Grande commozione in Ucraina per la 15enne che da Popasna guida ferita per 30 km su una strada minata per salvare 4 persone colpite come lei

Lisa e la vettura che ha guidato per 30 km

In Ucraina sta suscitando molta commozione la vicenda della 15enne della città di Popasna che ha guidato ferita per 30 km su una strada minata per salvare 4 persone. L’eroica scelta di Lisa, che con le gambe crivellate dai colpi ha preso il posto del conducente pure ferito, ha messo al sicuro tutti.

La ragazzina stava cercando di scappare dall’offensiva che aveva investito l’area di Lugansk. Ma proprio mentre con quattro adulti l’auto a bordo della quale c’era anche Lisa stava lasciando la zona alcune raffiche avevano centrato il veicolo e ferito tutti gli occupanti, inclusi i soli due uomini che avevano la patente

Guida ferita per 30 km su una strada minata 

A quel punto Lisa, ferita anch’essa, ha preso il volante ed ha guidato per più di 30 chilometri su una strada disseminata di mine anticarro.
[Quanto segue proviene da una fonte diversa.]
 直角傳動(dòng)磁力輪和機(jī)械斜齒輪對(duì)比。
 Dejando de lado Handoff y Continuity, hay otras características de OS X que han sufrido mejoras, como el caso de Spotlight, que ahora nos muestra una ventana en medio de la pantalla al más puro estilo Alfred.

Dopo un bel po’ l’auto guidata da Lisa è giunta a Bakhmut. Ha raccontato Lisa ai media dal suo letto di ospedale: “Avevo urgente bisogno di aiuto per non perdere troppo sangue, sembrava impossibile passare lì, le mine sulla strada erano a scacchiera, poi c’era il cadavere di una donna e un pilastro ma sono comunque passata. Infine l’auto si è fermata perché la batteria si è rotta”. 
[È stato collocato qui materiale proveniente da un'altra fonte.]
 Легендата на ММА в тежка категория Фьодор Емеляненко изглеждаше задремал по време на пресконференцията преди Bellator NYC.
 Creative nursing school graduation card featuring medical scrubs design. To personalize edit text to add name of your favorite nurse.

L’elogio a Lisa del governatore militare

Della vicenda dell’eroica adolescente ha parlato con orgoglio anche il capo dell’amministrazione militare regionale di Luhansk Serhii Haidai: “Colpita da un proiettile russo alle gambe, si è messa alla guida di un’auto per 30 chilometri sulla strada minata e sotto attacco per mettere in salvo quattro adulti”. Lisa ha chiosato: “Hanno sparato contro di noi, mi hanno colpito alle gambe. Eravamo appena partiti, ho guidato il più lontano possibile, non è stato facile, è stato molto doloroso guidare con un colpo nelle gambe ma comunque in qualche modo l’ho fatto.

Non li avrei lasciati sotto tiro“. Lisa ora si trova in ospedale a Leopoli, dove è stata trasferita da Bakhmut.